## What to work on
Each line below from the line with "CONSTELLATION OF GENGHIS" to the line with "Log Toe-Wood Stream Restoration Install" must be copied exactly, including those two, and no picture may appear in the copy.

## Data for processing
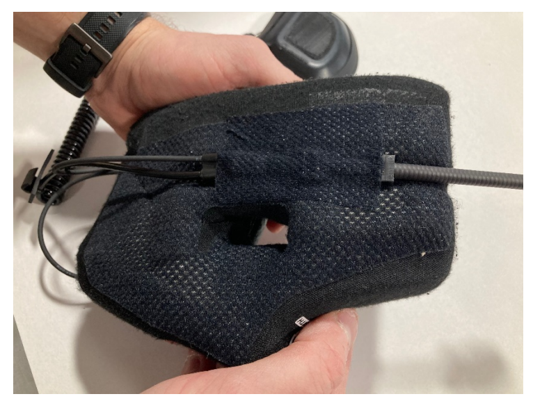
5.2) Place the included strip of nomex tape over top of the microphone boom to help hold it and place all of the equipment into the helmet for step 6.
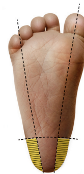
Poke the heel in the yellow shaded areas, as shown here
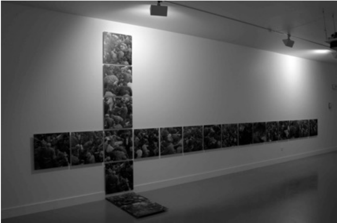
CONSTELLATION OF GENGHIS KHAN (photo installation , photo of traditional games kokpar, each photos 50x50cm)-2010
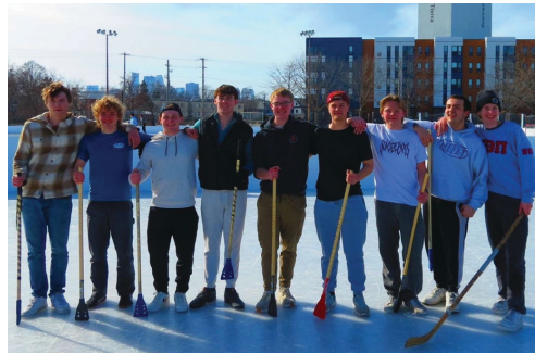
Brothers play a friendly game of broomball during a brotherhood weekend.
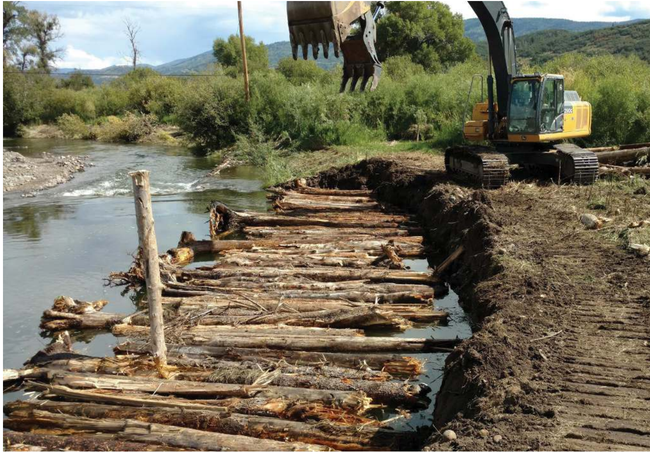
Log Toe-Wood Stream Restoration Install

==

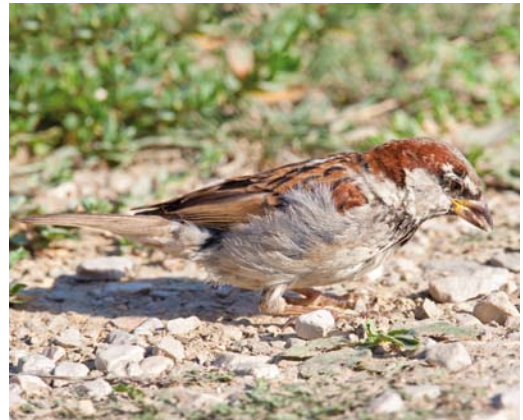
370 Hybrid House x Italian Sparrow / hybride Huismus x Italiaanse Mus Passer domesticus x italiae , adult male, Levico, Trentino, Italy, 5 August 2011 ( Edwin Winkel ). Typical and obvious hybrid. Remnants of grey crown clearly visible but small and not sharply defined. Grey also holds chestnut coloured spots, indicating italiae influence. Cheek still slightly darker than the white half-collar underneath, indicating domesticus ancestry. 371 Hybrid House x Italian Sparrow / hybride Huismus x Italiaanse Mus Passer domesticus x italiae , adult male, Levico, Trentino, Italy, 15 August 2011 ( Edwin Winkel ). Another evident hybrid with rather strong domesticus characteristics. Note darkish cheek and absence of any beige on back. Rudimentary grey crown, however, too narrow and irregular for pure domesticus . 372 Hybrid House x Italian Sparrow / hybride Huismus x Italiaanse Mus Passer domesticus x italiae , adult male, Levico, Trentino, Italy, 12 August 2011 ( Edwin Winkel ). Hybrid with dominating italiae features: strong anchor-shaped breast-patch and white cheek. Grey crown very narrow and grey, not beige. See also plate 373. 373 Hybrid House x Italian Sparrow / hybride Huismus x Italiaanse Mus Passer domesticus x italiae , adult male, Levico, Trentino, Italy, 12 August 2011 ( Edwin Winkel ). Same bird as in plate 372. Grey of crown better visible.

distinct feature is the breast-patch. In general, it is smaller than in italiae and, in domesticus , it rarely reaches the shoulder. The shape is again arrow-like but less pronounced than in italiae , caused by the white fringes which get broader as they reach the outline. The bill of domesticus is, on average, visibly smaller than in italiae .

* * *

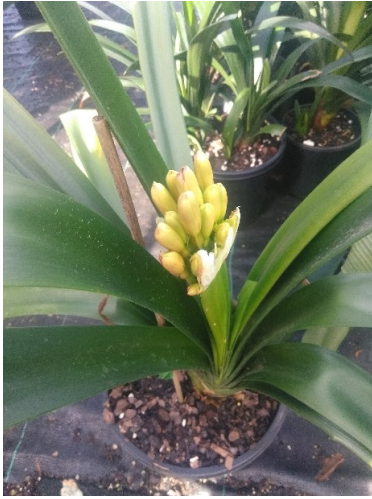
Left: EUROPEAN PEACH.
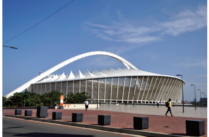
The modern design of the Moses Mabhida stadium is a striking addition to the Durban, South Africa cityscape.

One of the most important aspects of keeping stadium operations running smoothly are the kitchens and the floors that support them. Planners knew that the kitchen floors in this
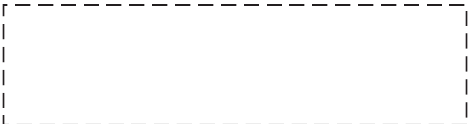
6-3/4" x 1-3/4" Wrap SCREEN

## Answer area
CONSTELLATION OF GENGHIS KHAN (photo installation , photo of traditional games kokpar, each photos 50x50cm)-2010
Brothers play a friendly game of broomball during a brotherhood weekend.
Log Toe-Wood Stream Restoration Install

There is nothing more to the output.